▶ [WORK TASK] In the entries below, find each line bearing the string "build" and copy it.

(Collected data)
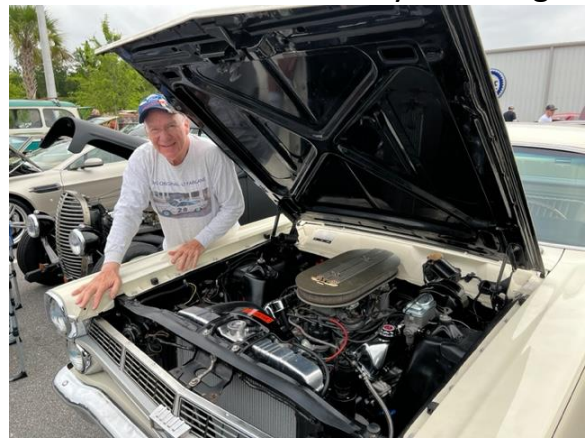
We all like to show what's under the hood!

The list of Up Coming Events is distributed separately every Monday.
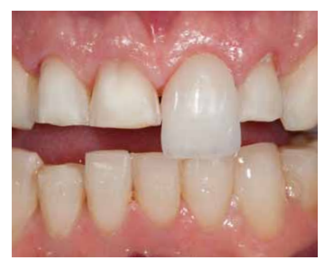
Figure 1 Image of the prepared tooth. Significant dentin is exposed. The proposed length flexure and tensile stress risk is at least medium and the restoration thickness would be at least 0.9 mm. This was noted in the chart.

Next is the flexure risk assessment. Each tooth and existing restoration is evaluated for signs of past overt tooth flexure. Signs of excessive tooth flexure can be excessive enamel crazing (Figure 2), tooth and restoration wear, tooth and restoration fracture, microleakage at restoration margins,
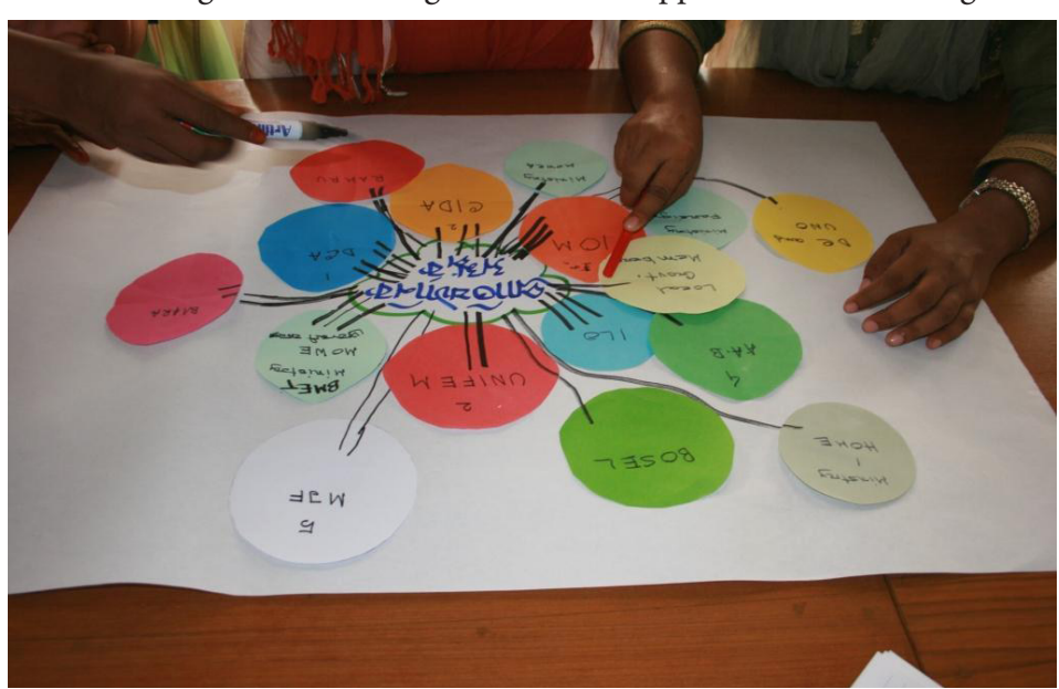
Bangladesh Ovibashi Mohila Sramik Association Workshop help 5 October 2009

As mentioned above all organisations identify partnerships as an important resource. These were seen as sources of information (e.g. War on Want for Karmojibi Nari), and those which provided platforms for mobilisation at international, regional or national levels. Partnerships allowed the organisations to establish and build their reputations at various levels. Forming alliances and coalitions is seen as an important strategy for constituency building, because it enables the organisations to mobilise a large number of organisations to support their cause or agenda.
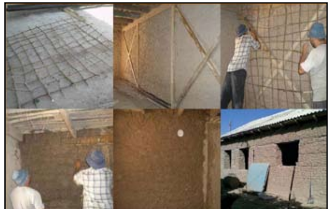
Workers build an earthquake-resistant home with "mulberry branch technology"
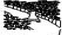
cr _ _ d
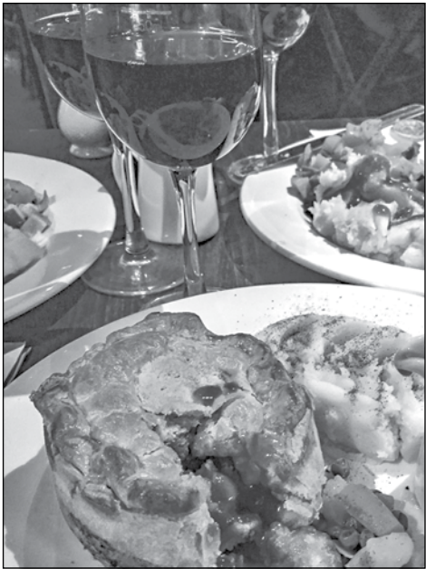
Steak and Ale Pie at Ye Olde Cock Tavern on Fleet Sreet.

You should never hold a country’s institutional food against it, but after four years of boarding school, we can certify the English version as downright horrifying. We won’t go into detail, but take the dismal British reputation, multiply it out several times, and you start to approach the twilight zone on the other side of a culinary wilderness. An allowance of £5
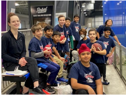
Football club, jigging and our grade 3/4 Festival Concert

Free will is cultivated by responsibility so that the child can say, “I have the power to make decisions.”

▶ [WRITTEN SOLUTION]
As mentioned above all organisations identify partnerships as an important resource. These were seen as sources of information (e.g. War on Want for Karmojibi Nari), and those which provided platforms for mobilisation at international, regional or national levels. Partnerships allowed the organisations to establish and build their reputations at various levels. Forming alliances and coalitions is seen as an important strategy for constituency building, because it enables the organisations to mobilise a large number of organisations to support their cause or agenda.
Workers build an earthquake-resistant home with "mulberry branch technology"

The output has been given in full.